Work instruction → Line for line, return the data exactly, omitting all pictures.

Data below →

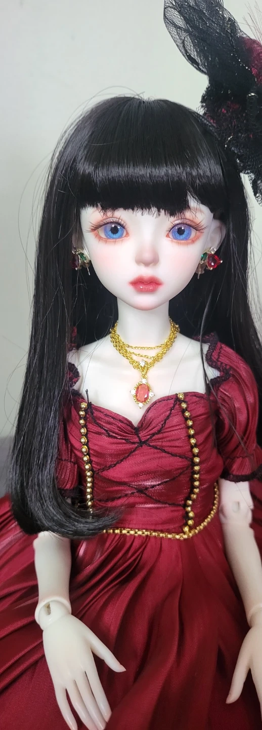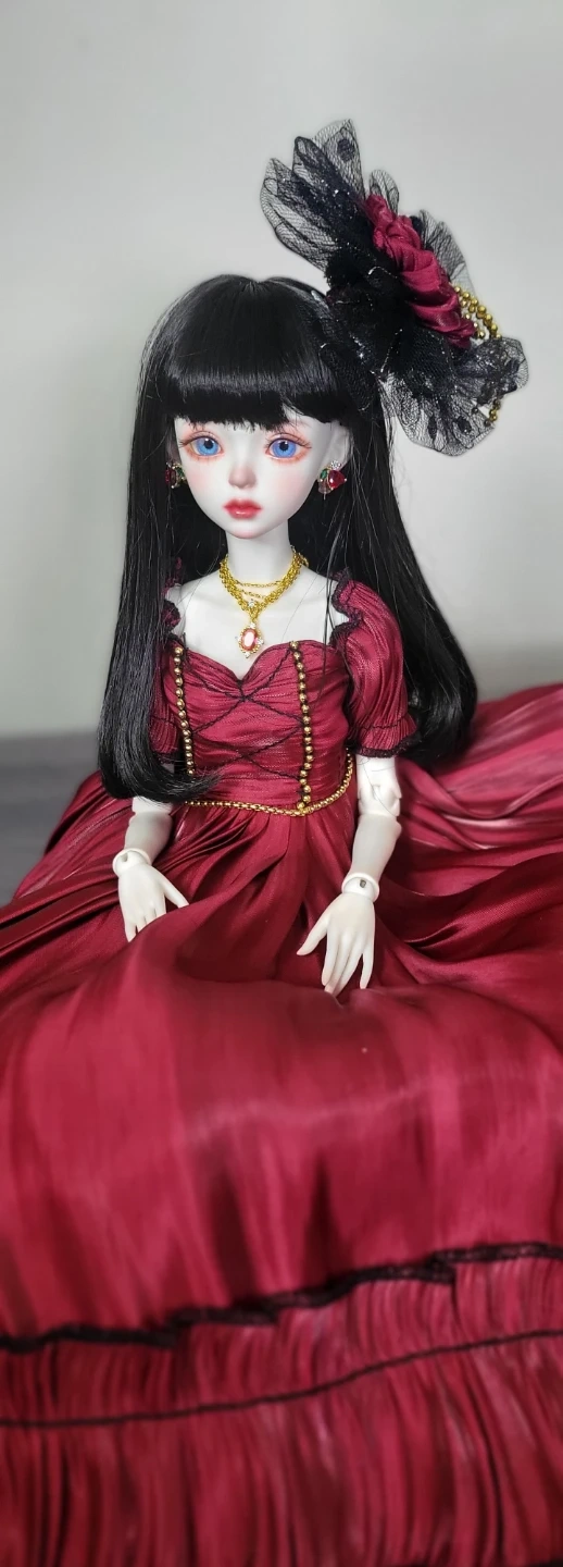 I am selling my beautiful Celia 1/4 (18inch) BJD doll with her gorgeous dress set and all accessories shown in the pictures. Celia comes with custom shimmering glam make up and body blushing done. She is a new purchase. I have decided to buy a different doll hence selling this one. Please message me for any queries. BTW, I have different wigs if you want to switch from the black one, let me know.
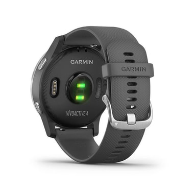 GPS-SMARTWATCH BYGGET TIL DIN AKTIVE LIVSSTIL Stil ind på din krop, og stram op med et smartwatch, der kan registrere det hele og hjælpe dig med at nå dine helse- og træningsmål. Der er ikke noget, der hedder for mange helsestatistikker. Ikke på dette ur Bliv telefonfri, og læg dine perfekt udformede playlister til træning på håndleddet Du løber aldrig tør for muligheder for at bevæge dig med 20+ forudindlæste sports-apps Glem alt om at undersøge, hvordan du udfører goblet squat. Få fulde træninger med animationer på håndleddet Lad din tegnebog blive hjemme og betal fra dit ur i stedet Op til 8 dages batteri holder dig forbundet til dit liv, ikke til din oplader DESIGNET TIL DIT AKTIVE LIV Du har mål, du skal nå, og du har brug for et ur, der kan følge med. Naviger nemt på touchscreenen, og hold dig i gang hele dagen med behagelige, udskiftelige remme. MATERIALER, DER GÅR HELE VEJEN Teknologien i Garmin Chroma Display™, der altid er tændt og kan aflæses i sollys, er beskyttet under robust Corning® Gorilla® Glass 3, som er stærkt nok til, at du kan gå hele vejen under dine aktiviteter. BODY BATTERY™ ENERGIOVERVÅGNING Hold øje med din krops energiniveau i løbet af dagen, så du kan finde de bedste tidspunkter til aktivitet og hvile. PULSE OX SENSOR Pulse Ox-sensoren 1 måler din iltmætning i blodet i løbet af dagen, og mens du sover, for at vise, hvor godt din krop absorberer ilt. STRESSREGISTRERING Find ud af, om du har en rolig, afbalanceret eller stressende dag. Påmindelser om afslapning vil endda bede dig om at foretage en kort vejrtrækningsaktivitet, når du føler dig stresset. TRACKING AF KVINDERS HELSE Brug Garmin Connect™ appen til at følge din menstruationscyklus eller graviditet. Log symptomer, få motions- og ernæringsvejledning med mere. Du kan endda få oplysninger på dit håndled med widget til registrering af menstruationscyklus og Pregnancy Tracking appen. REGISTRERING AF HYDRERING Log dit daglige væskeindtag som en påmindelse om at opretholde væskebalancen. Du kan endda have et automatisk mål for hydrering, som tilpasser sig alt efter, hvor meget sved du mister under dine aktiviteter. VEJRTRÆKNINGSREGISTRERING Hold øje med, hvordan du trækker vejret i løbet af dagen, mens du sover og under vejrtræknings- og yogaaktiviteter. AVANCERET SØVNOVERVÅGNING Få et komplet billede af, hvordan du sover, med en oversigt over dine lette, dybe og REM-søvnstadier samt Pulse Ox 1 og vejrtrækningsdata. HÅNDLEDSBASERET PULS Uret måler hele tiden din puls 2 og giver dig besked, hvis den forbliver for høj eller for lav, mens du hviler dig. Det hjælper også med at måle, hvor hårdt du arbejder under aktiviteter – selv under vand. MINDFUL VEJRTRÆKNING Når du vil slappe af eller fokusere, kan du starte en åndedrætsaktivitet, og dette ur registrerer stress og vejrtrækning, så du får en bedre forståelse af, hvordan du trækker vejret. ANIMEREDE TRÆNINGER PÅ SKÆRMEN Animeret kardio-, styrke-, yoga- og Pilates-træning, der er nem at følge, er forudindlæst på uret, og du kan downloade mere fra Garmin Connect appen. INDBYGGEDE SPORTS-APPS Registrerer alle de måder, du bevæger dig på, med mere end 20 forudindlæste apps til GPS og indendørssport – herunder gåture, løb, cykling, svømning i pool, golf og meget mere. GARMIN COACH Få en personlig løbetræner på håndleddet gratis, så du kan få hjælp til at træne op til din næste 5 km, 10 km eller halvmaraton. BRUGERDEFINERET TRÆNING Lav dine egne træninger i Garmin Connect, og download dem til uret. SMART-NOTIFIKATIONER Modtag e-mails, sms'er og advarsler direkte på uret, når det er parret med en kompatibel smartphone. Du kan endda svare på sms'er, hvis du har en Android™ telefon. MUSIK Download sange og afspilningslister fra dine kompatible musikkonti (abonnement kan være påkrævet). Brug trådløse hovedtelefoner (sælges separat), så du kan lytte uden telefonen. SIKKERHEDS- OG SPORINGSSFUNKTIONER Når uret og telefonen er parret, kan din live-position sendes til dine kontakter manuelt eller – i forbindelse med udendørsaktiviteter – automatisk med indbygget hændelsesregistrering GARMIN PAY Kom nemt gennem betalingskøen og udvalgt offentlig transport med den kontaktløse Garmin Pay betalingsløsning 4 via deltagende udbydere. CONNECT IQ STORE Giv dit ur personlighed ved at downloade apps, widgets, urskiver med mere. Det er nemt og – endnu bedre – det er gratis. BATTERILEVETID Hold dig på farten længere med en batterilevetid, der varer op til 8 dage i smartwatch-tilstand og op til 6 timer i GPS-tilstand med musik. VANDTÆTHEDSKLASSE Dette ur er vandtæt op til fem ATM hvilket gør det perfekt til en svømmetur, et brusebad eller en dag i spaen. 1 Dette er ikke medicinsk udstyr og er ikke beregnet til diagnosticering eller overvågning af sygdomme, se Garmin.com/ataccuracy. Pulse Ox er ikke tilgængelig i alle lande. 2 Nøjagtighed for aktivitetstrackere. 3 Parret med en kompatibel telefon. For krav og begrænsninger vedrørende sikkerheds- og sporingsfunktioner henvises til Garmin.com/safety. 4 Se oplysninger om understøttet land, betalingsnetværk og udstedende bank. Android™ er et varemærke tilhørende Google LLC. SPOTIFY og Spotify logoet er nogle af de registrerede varemærker tilhørende Spotify AB. Amazon Music og alle tilknyttede logoer og varemærker tilhørende Amazon.com, Inc. eller dets associerede virksomheder. I kassen vívoactive® 4 Opladnings-/datakabel Quick guide
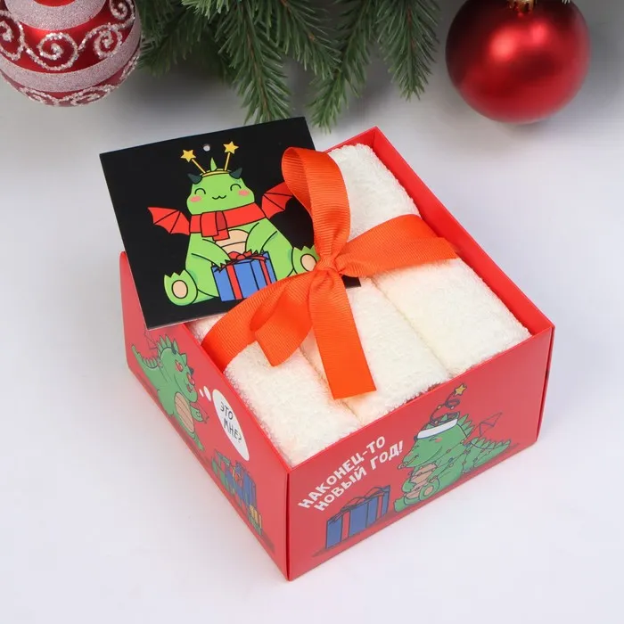 Набор новогодних махровых полотенец "Подарки" 30х30 см - 3 штуки, хлопок 340гр/м2 — Характеристики
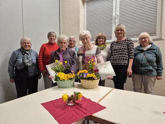 Der Vorstand bedankte sich für die langjährige Vereinstreue mit einem Blumenpräsent und wünscht den Geehrten alles Gute für die Zukunft. v.l.n.r.: Dagmar Herrmann, Angela Kiebach, Anita Münster (für 70 Jahre), Kattusch Weichl, Toni Veit (für 70 Jahre), Carmen Belli, Ina Bautz und Ragnhild Moheit-Wulfekamp. Es fehlt die zu Ehrende Jutta Beckert (für 60 Jahre)

Your response →
 I am selling my beautiful Celia 1/4 (18inch) BJD doll with her gorgeous dress set and all accessories shown in the pictures. Celia comes with custom shimmering glam make up and body blushing done. She is a new purchase. I have decided to buy a different doll hence selling this one. Please message me for any queries. BTW, I have different wigs if you want to switch from the black one, let me know.
 GPS-SMARTWATCH BYGGET TIL DIN AKTIVE LIVSSTIL Stil ind på din krop, og stram op med et smartwatch, der kan registrere det hele og hjælpe dig med at nå dine helse- og træningsmål. Der er ikke noget, der hedder for mange helsestatistikker. Ikke på dette ur Bliv telefonfri, og læg dine perfekt udformede playlister til træning på håndleddet Du løber aldrig tør for muligheder for at bevæge dig med 20+ forudindlæste sports-apps Glem alt om at undersøge, hvordan du udfører goblet squat. Få fulde træninger med animationer på håndleddet Lad din tegnebog blive hjemme og betal fra dit ur i stedet Op til 8 dages batteri holder dig forbundet til dit liv, ikke til din oplader DESIGNET TIL DIT AKTIVE LIV Du har mål, du skal nå, og du har brug for et ur, der kan følge med. Naviger nemt på touchscreenen, og hold dig i gang hele dagen med behagelige, udskiftelige remme. MATERIALER, DER GÅR HELE VEJEN Teknologien i Garmin Chroma Display™, der altid er tændt og kan aflæses i sollys, er beskyttet under robust Corning® Gorilla® Glass 3, som er stærkt nok til, at du kan gå hele vejen under dine aktiviteter. BODY BATTERY™ ENERGIOVERVÅGNING Hold øje med din krops energiniveau i løbet af dagen, så du kan finde de bedste tidspunkter til aktivitet og hvile. PULSE OX SENSOR Pulse Ox-sensoren 1 måler din iltmætning i blodet i løbet af dagen, og mens du sover, for at vise, hvor godt din krop absorberer ilt. STRESSREGISTRERING Find ud af, om du har en rolig, afbalanceret eller stressende dag. Påmindelser om afslapning vil endda bede dig om at foretage en kort vejrtrækningsaktivitet, når du føler dig stresset. TRACKING AF KVINDERS HELSE Brug Garmin Connect™ appen til at følge din menstruationscyklus eller graviditet. Log symptomer, få motions- og ernæringsvejledning med mere. Du kan endda få oplysninger på dit håndled med widget til registrering af menstruationscyklus og Pregnancy Tracking appen. REGISTRERING AF HYDRERING Log dit daglige væskeindtag som en påmindelse om at opretholde væskebalancen. Du kan endda have et automatisk mål for hydrering, som tilpasser sig alt efter, hvor meget sved du mister under dine aktiviteter. VEJRTRÆKNINGSREGISTRERING Hold øje med, hvordan du trækker vejret i løbet af dagen, mens du sover og under vejrtræknings- og yogaaktiviteter. AVANCERET SØVNOVERVÅGNING Få et komplet billede af, hvordan du sover, med en oversigt over dine lette, dybe og REM-søvnstadier samt Pulse Ox 1 og vejrtrækningsdata. HÅNDLEDSBASERET PULS Uret måler hele tiden din puls 2 og giver dig besked, hvis den forbliver for høj eller for lav, mens du hviler dig. Det hjælper også med at måle, hvor hårdt du arbejder under aktiviteter – selv under vand. MINDFUL VEJRTRÆKNING Når du vil slappe af eller fokusere, kan du starte en åndedrætsaktivitet, og dette ur registrerer stress og vejrtrækning, så du får en bedre forståelse af, hvordan du trækker vejret. ANIMEREDE TRÆNINGER PÅ SKÆRMEN Animeret kardio-, styrke-, yoga- og Pilates-træning, der er nem at følge, er forudindlæst på uret, og du kan downloade mere fra Garmin Connect appen. INDBYGGEDE SPORTS-APPS Registrerer alle de måder, du bevæger dig på, med mere end 20 forudindlæste apps til GPS og indendørssport – herunder gåture, løb, cykling, svømning i pool, golf og meget mere. GARMIN COACH Få en personlig løbetræner på håndleddet gratis, så du kan få hjælp til at træne op til din næste 5 km, 10 km eller halvmaraton. BRUGERDEFINERET TRÆNING Lav dine egne træninger i Garmin Connect, og download dem til uret. SMART-NOTIFIKATIONER Modtag e-mails, sms'er og advarsler direkte på uret, når det er parret med en kompatibel smartphone. Du kan endda svare på sms'er, hvis du har en Android™ telefon. MUSIK Download sange og afspilningslister fra dine kompatible musikkonti (abonnement kan være påkrævet). Brug trådløse hovedtelefoner (sælges separat), så du kan lytte uden telefonen. SIKKERHEDS- OG SPORINGSSFUNKTIONER Når uret og telefonen er parret, kan din live-position sendes til dine kontakter manuelt eller – i forbindelse med udendørsaktiviteter – automatisk med indbygget hændelsesregistrering GARMIN PAY Kom nemt gennem betalingskøen og udvalgt offentlig transport med den kontaktløse Garmin Pay betalingsløsning 4 via deltagende udbydere. CONNECT IQ STORE Giv dit ur personlighed ved at downloade apps, widgets, urskiver med mere. Det er nemt og – endnu bedre – det er gratis. BATTERILEVETID Hold dig på farten længere med en batterilevetid, der varer op til 8 dage i smartwatch-tilstand og op til 6 timer i GPS-tilstand med musik. VANDTÆTHEDSKLASSE Dette ur er vandtæt op til fem ATM hvilket gør det perfekt til en svømmetur, et brusebad eller en dag i spaen. 1 Dette er ikke medicinsk udstyr og er ikke beregnet til diagnosticering eller overvågning af sygdomme, se Garmin.com/ataccuracy. Pulse Ox er ikke tilgængelig i alle lande. 2 Nøjagtighed for aktivitetstrackere. 3 Parret med en kompatibel telefon. For krav og begrænsninger vedrørende sikkerheds- og sporingsfunktioner henvises til Garmin.com/safety. 4 Se oplysninger om understøttet land, betalingsnetværk og udstedende bank. Android™ er et varemærke tilhørende Google LLC. SPOTIFY og Spotify logoet er nogle af de registrerede varemærker tilhørende Spotify AB. Amazon Music og alle tilknyttede logoer og varemærker tilhørende Amazon.com, Inc. eller dets associerede virksomheder. I kassen vívoactive® 4 Opladnings-/datakabel Quick guide
 Набор новогодних махровых полотенец "Подарки" 30х30 см - 3 штуки, хлопок 340гр/м2 — Характеристики
 Der Vorstand bedankte sich für die langjährige Vereinstreue mit einem Blumenpräsent und wünscht den Geehrten alles Gute für die Zukunft. v.l.n.r.: Dagmar Herrmann, Angela Kiebach, Anita Münster (für 70 Jahre), Kattusch Weichl, Toni Veit (für 70 Jahre), Carmen Belli, Ina Bautz und Ragnhild Moheit-Wulfekamp. Es fehlt die zu Ehrende Jutta Beckert (für 60 Jahre)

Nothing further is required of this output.